Other Stanford authors of the study are basic life science research associate Edward Ganio; postdoctoral scholars David Mcilwain, PhD, and Mohammad Ghameni, PhD; life sciences researcher Amy Tsai; research nurses Martha Tingle and Robin Okada; Dyani Gaudilliere, DMD, clinical assistant professor of surgery; clinical fellow Quentin Baca, MD, PhD; clinical research coordinator Leslie McNeil; David Furman, PhD, adjunct professor at Stanford’s Institute for Immunity, Transplantation and Infection; Ronald Wong, PhD, senior research scientist; Virginia Winn, MD, associate professor of obstetrics and gynecology; Maurice Druzin, MD, professor of obstetrics and gynecology; Yasser El-Sayed, MD, professor of obstetrics and gynecology; Cecele Quaintance, administrative director of the March of Dimes Prematurity Research Center at Stanford; Ronald Gibbs, MD, clinical professor of obstetrics and gynecology; Gary Darmstadt, MD, professor of neonatal and developmental pediatrics; Gary Shaw, DrPH, professor of pediatrics; David Stevenson, MD, professor of pediatrics and director of Stanford’s March of Dimes center; Robert Tibshirani, PhD, professor of biomedical data science and of statistics; Garry Nolan, PhD, professor of microbiology and immunology; David Lewis, MD, professor of pediatrics; and Martin Angst, MD, professor of anesthesiology, perioperative and pain medicine. Brice Gaudilliere, Winn, El-Sayed, Shaw, Stevenson, Tibshirani, Nolan and Lewis are members of Stanford’s Child Health Research Institute. Scientists from Ghent University in Belgium also contributed to this work.

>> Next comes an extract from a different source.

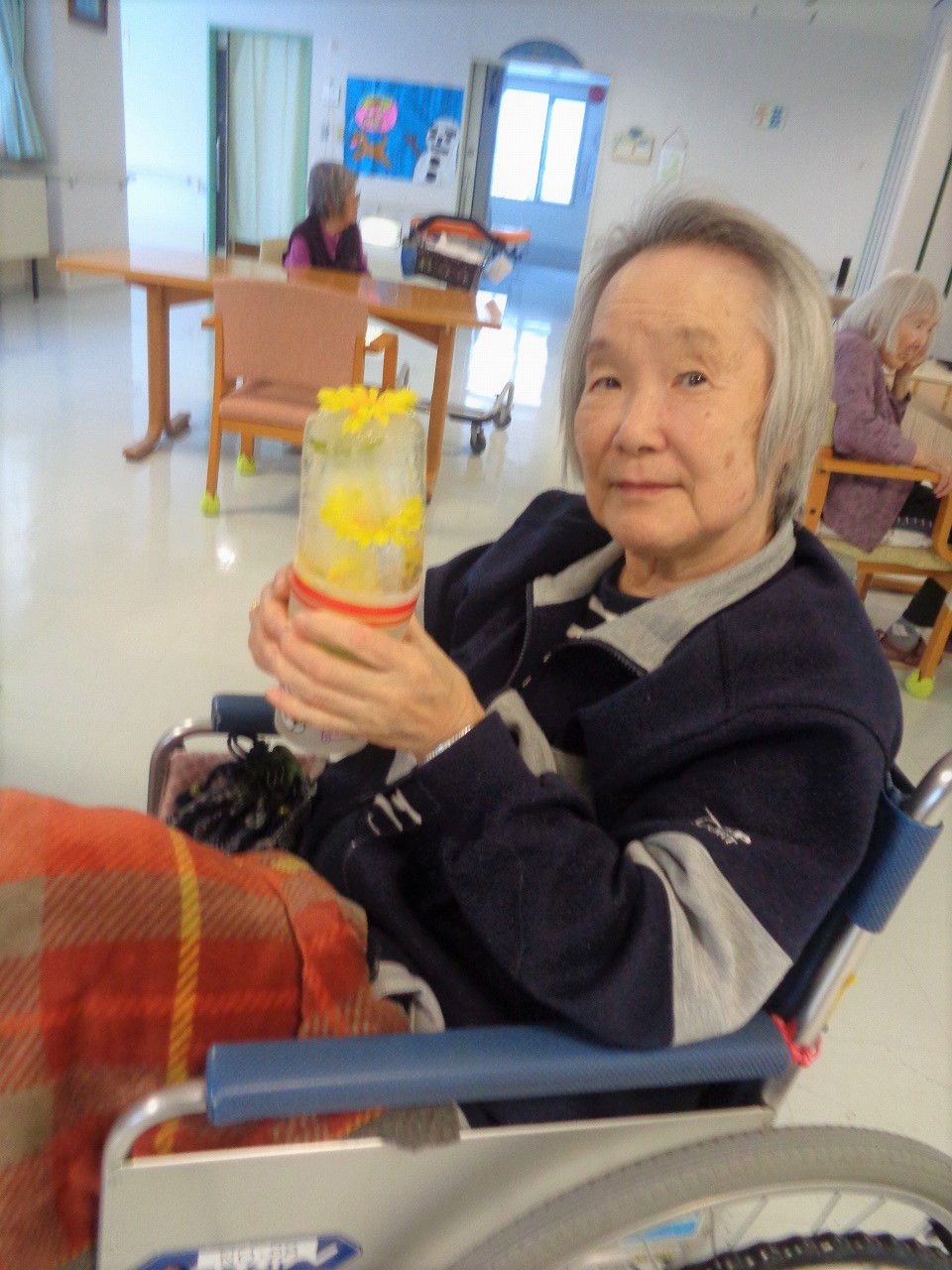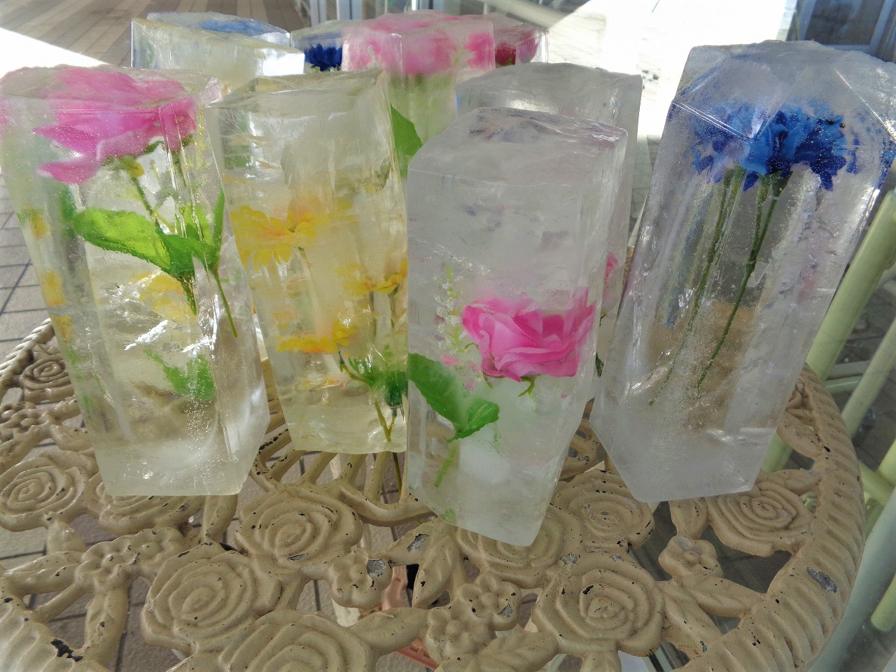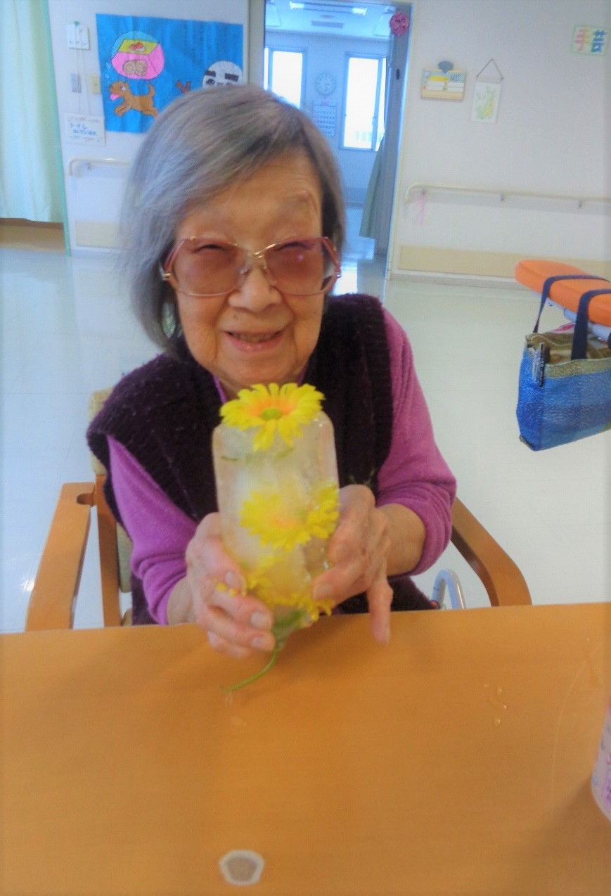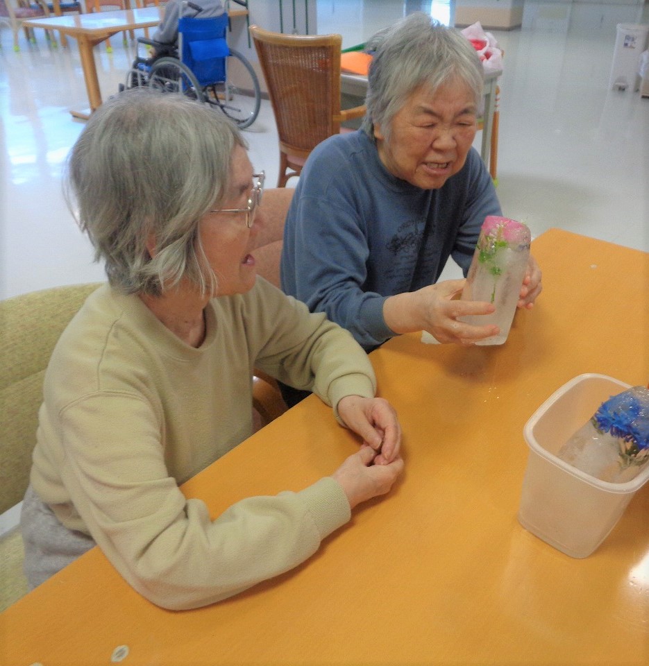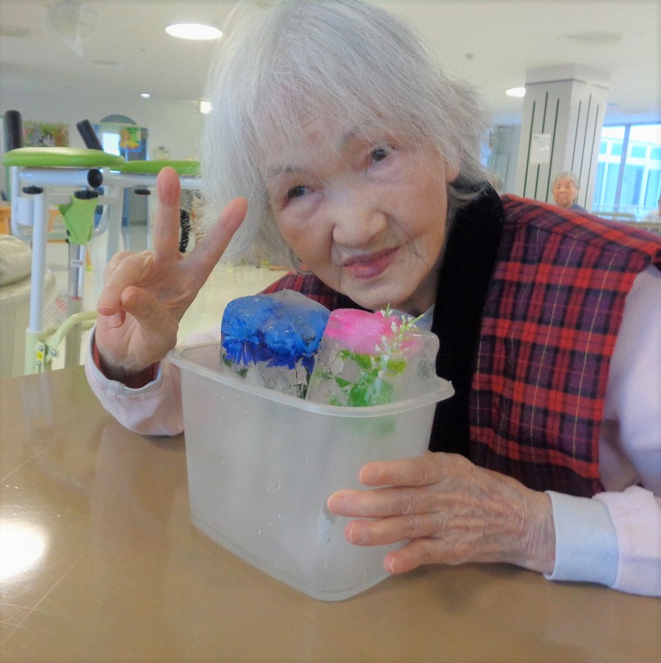 利用者さんには、花の美しさを見て楽しみ、実際に触れることで氷の冷たさを感じていただきました。「とても綺麗!」「冷たいッ!」「なかなか溶けないのね」等様々な感想をいただきました。まさにタイトルにもありますが、『花と氷のアート』といっても過言ではありません(๑•̀ㅁ•́๑)✧ 普段あまり触れることのない氷に触れて、表情も良く、とても楽しそうでした!(^o^)

The research was supported by the March of Dimes Prematurity Research Center at Stanford, the Bill and Melinda Gates Foundation, the Ovarian Cancer Research Fund, the Canadian Institutes of Health Research, the International Society for Advancement of Cytometry, the National Institutes of Health (grants 1K23GM111657, 5R01AI10012104, U19AI057229 and 1U19AI100627), the Stanford Child Health Research Institute, the Mary L. Johnson Research Fund, the Christopher Hess Research Fund, and the Food and Drug Administration.
Nolan holds a patent on the mass cytometry technology, which is manufactured by Fluidigm. He also holds equity in Fluidigm.
Stanford’s Department of Anesthesiology, Perioperative and Pain Medicine also supported the work.